TASK DIRECTIONS.
The task calls for an exact retyping of the lines from the one holding "Sweet and sour" through the end of the listing, with pictures omitted and nothing added.

:::::

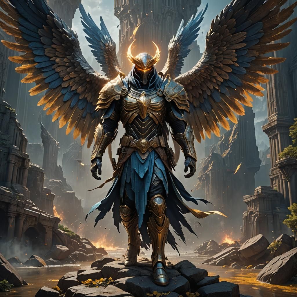 A detailed matte painting of Archangel Raziel in deep, rich colors. This fantasy concept art features intricate details and complementary colors, rendered in 8k resolution.
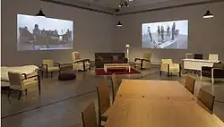 Amir's video and performance-based work present staged interventions and situations that cross fiction with reality.[11] Amir has appeared in some of her own works, and also makes use of actors and willing audience as participants in structured interactions in controlled environments, to illustrate and challenge societal norms.[12] Her earlier works are about issues of gender and social identity, and relate to her experience as a gay artist living and working in Israeli society.[13] Some of her works focus on the effects on individual people of power relationships structured by societal norms.[14][15]
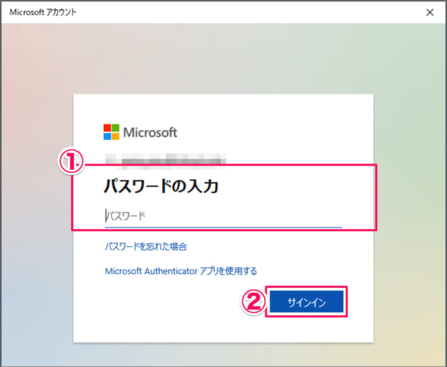 ① 輸入您的Microsoft帳戶(用戶帳戶)的“密碼”。
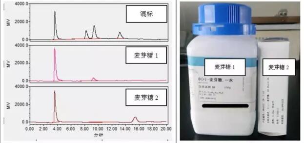 難道是色譜柱的原因?色譜柱柱效下降導致兩者不能分離?于是更換新的色譜柱再次分離,結果還是沒有能夠將兩者分離。如果葡萄糖和麥芽糖無法分離,實驗便無法進行下去,在經(jīng)過上述嘗試之后將問題的矛頭指向了所用的試劑。查試劑臺賬,發(fā)現(xiàn)實驗室里還有其他品牌分析純的葡萄糖,而麥芽糖僅此一瓶,但是幸運的是發(fā)現(xiàn)了葡萄糖和麥芽糖的標準品,決定使用麥芽糖和葡萄糖的標準品試一下。
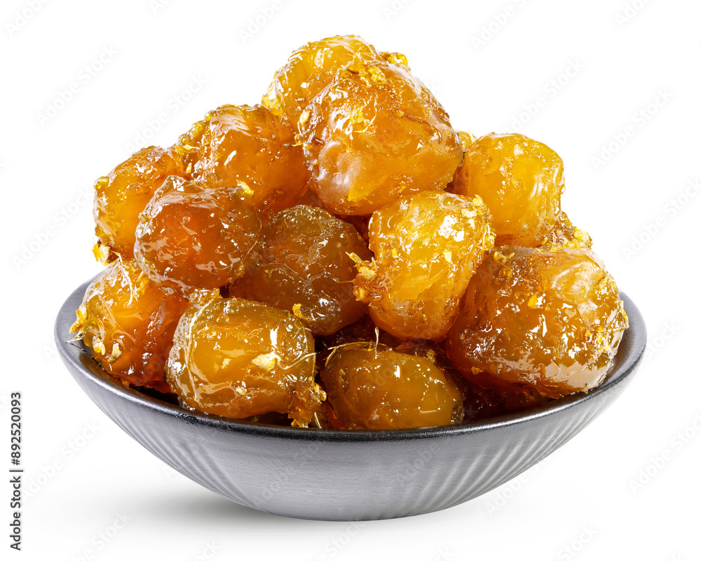 Sweet and sour stir fried soft plum with ginger in a black ceramic bowl
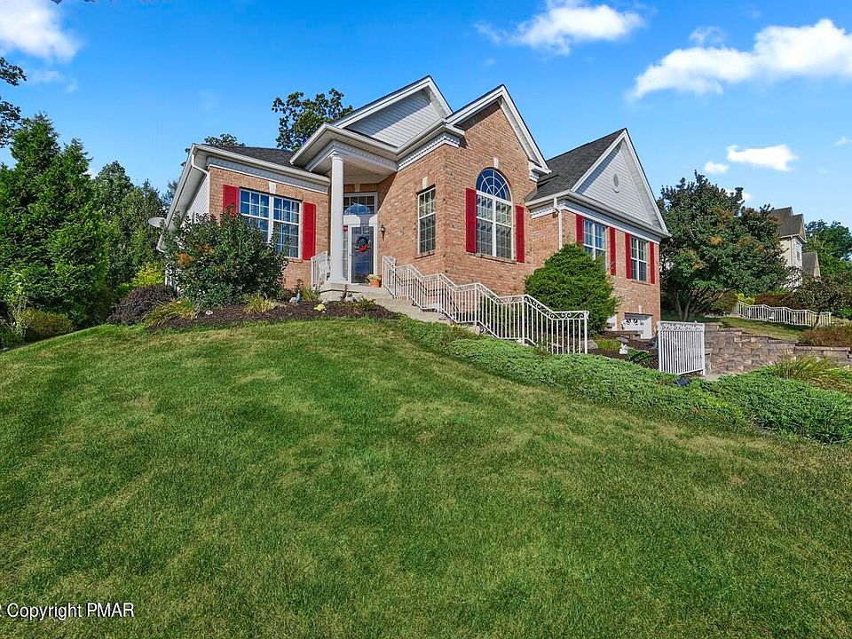 This exceptional home in the premiere Country Club of the Poconos golf course community, boasts upgraded cabinetry and finishes Perfection is personified in this well maintained one owner home. Sumptuous living all on one floor with a gorgeous expanded primary bedroom suite, one additional bedroom and 2 baths. Large bonus room provides infinite possibilities and a beautifully finished basement offers additional room for entertaining. If that is not enough, enjoy sitting out and cooking on a maintenance free Trek Deck that is accessible from your four season sunroom. To top it all off, when the electric goes out your whole house generator will keep you comfortable.
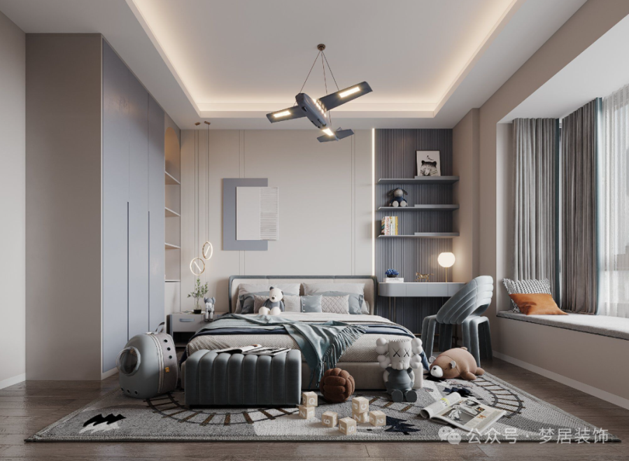 男孩房的設計活潑可愛,色彩上選用藍色與淺灰的搭配,可愛的造型燈與玩具營造出活潑童真的氛圍,莫蘭迪色彩帶來安靜、溫馨的空間情緒。懸浮式的書桌搭配小臺燈,為孩子帶來舒適的閱讀學習環境。

:::::

RESPONSE TO THE TASK.
 Sweet and sour stir fried soft plum with ginger in a black ceramic bowl
 This exceptional home in the premiere Country Club of the Poconos golf course community, boasts upgraded cabinetry and finishes Perfection is personified in this well maintained one owner home. Sumptuous living all on one floor with a gorgeous expanded primary bedroom suite, one additional bedroom and 2 baths. Large bonus room provides infinite possibilities and a beautifully finished basement offers additional room for entertaining. If that is not enough, enjoy sitting out and cooking on a maintenance free Trek Deck that is accessible from your four season sunroom. To top it all off, when the electric goes out your whole house generator will keep you comfortable.
 男孩房的設計活潑可愛,色彩上選用藍色與淺灰的搭配,可愛的造型燈與玩具營造出活潑童真的氛圍,莫蘭迪色彩帶來安靜、溫馨的空間情緒。懸浮式的書桌搭配小臺燈,為孩子帶來舒適的閱讀學習環境。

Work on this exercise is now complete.